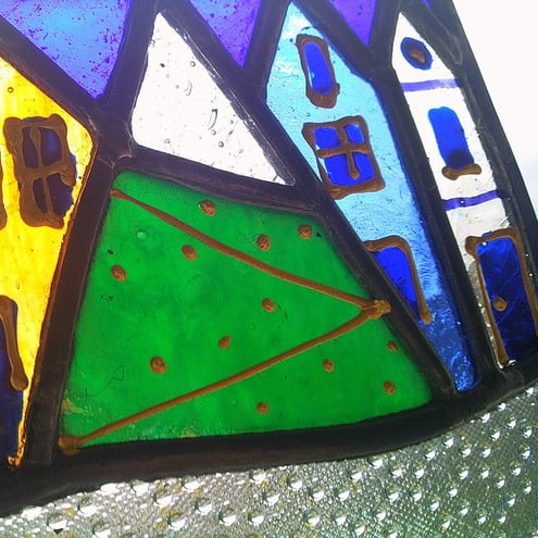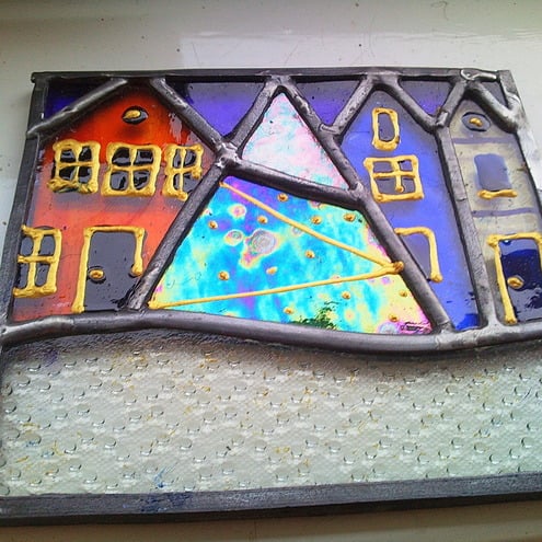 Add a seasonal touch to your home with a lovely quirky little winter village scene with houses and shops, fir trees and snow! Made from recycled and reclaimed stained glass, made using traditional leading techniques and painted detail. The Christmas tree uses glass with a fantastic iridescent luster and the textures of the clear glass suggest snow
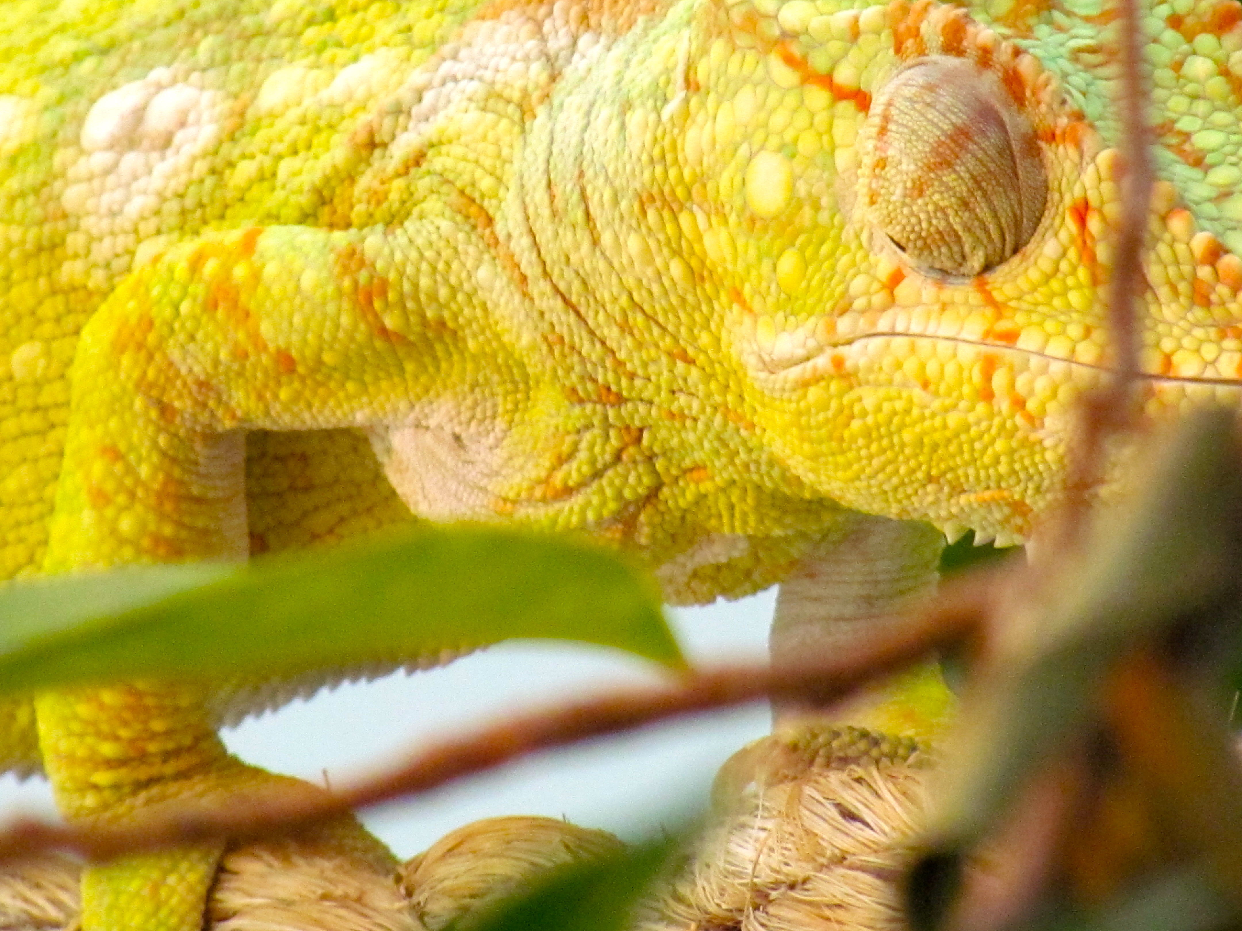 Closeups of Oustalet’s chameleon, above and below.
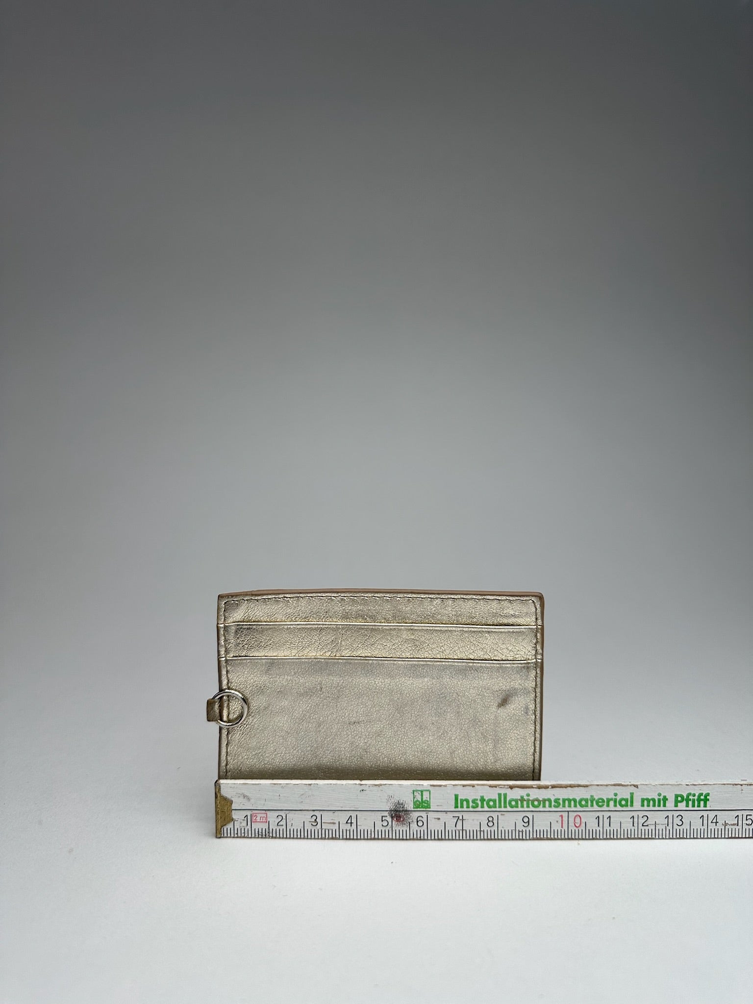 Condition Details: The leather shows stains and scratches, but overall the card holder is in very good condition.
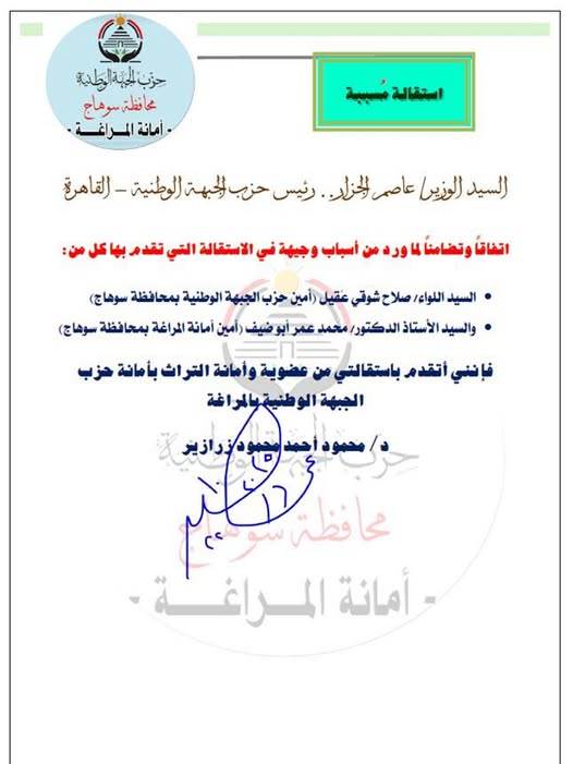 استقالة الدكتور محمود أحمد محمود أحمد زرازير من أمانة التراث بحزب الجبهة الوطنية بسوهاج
━━━━
• **TASK DIRECTIONS**: Could you set down, exactly as written, every line from the one with "Condition Details: The" to the end of the data, both ends included? Leave out the pictures.

• **ANSWER BELOW**:
 Condition Details: The leather shows stains and scratches, but overall the card holder is in very good condition.
 استقالة الدكتور محمود أحمد محمود أحمد زرازير من أمانة التراث بحزب الجبهة الوطنية بسوهاج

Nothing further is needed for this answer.